Iii. Future exploration of TDSQL-C

Based on a series of things we are doing now, on the one hand, 0-1, and on the other hand, combined with the problems encountered in the operation and maintenance process, the future development direction of TDSQL-C has two points: the first point is minimalist database operation and maintenance. From the perspective of operation and maintenance, to identify the future development direction, the first is the intelligence challenge, people who have used MySQL or CDB should encounter some problems in the MySQL optimizer, for example, when upgrading, it is found that the execution plan is wrong, or when the amount of data reaches a certain extent, the execution plan will also be wrong. The kernel of TDSQL-C optimizes the overall statistics in the optimizer and determines its execution plan for dynamic tuning. For example, during the upgrade, if the execution plan is found to be wrong, it can be automatically corrected and sent to o&M.
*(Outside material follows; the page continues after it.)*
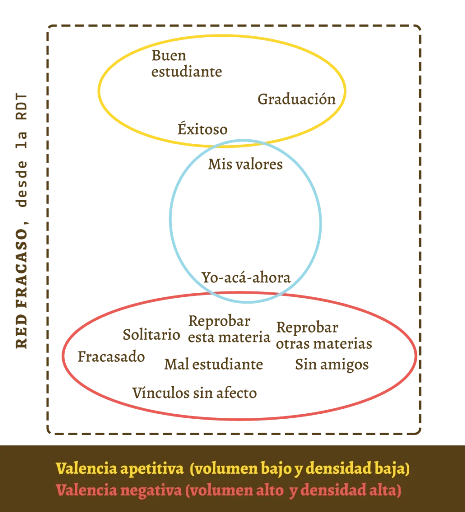 Anteriormente, teníamos la red de fracaso con valencia aversiva. Ahora, la RDT nos permite afirmar que dentro de esta red existe un volumen y una densidad relacional altos entre elementos como {poco saludable, fracasar esta clase, fracasar otras clases, pocos amigos, mal estudiante, sin amigos, poco exitoso y malas amistades}. Dada la cantidad de elementos relacionados, se podría decir que hay una masa relacional significativa, lo que dificulta un cambio conductual en las respuestas evitativas del consultante. Incluso, uno podría agregar elementos como el {yo-acá-ahora} como marcos deícticos que están más próximos a esta red de fracaso. Mientras tanto, dentro de este mismo análisis, la red de éxito está formada por pocas palabras {buen estudiante, exitoso y graduación} implicando que se trata de un bajo volumen y densidad relacional. Quizá estos últimos elementos sean cercanos a sus valores, pero distantes del {yo-acá-ahora}.

Because at the time of separate computing and storage products we to modify the kernel code amount is larger, and to increase the storage capacity, read and write in the extreme performance optimization on we also do the corresponding modification, so we in order to guarantee its logical rigor will do accordingly, will include the introduction of a industry facilities, in principle of the control to the kernel modifications. From the point of view of cost, most of the cost in the Serverless scenario is incurred by storage, so the cost of users should be reduced. This can be done in two ways: on the one hand, what users actually use is what they pay for. There is a concept of storage space, and we need to truly achieve the page level of storage space. The other is triple copy, which can reduce the storage space by about 1/3 through data compression storage, erasure code and other technologies. This is also our future direction.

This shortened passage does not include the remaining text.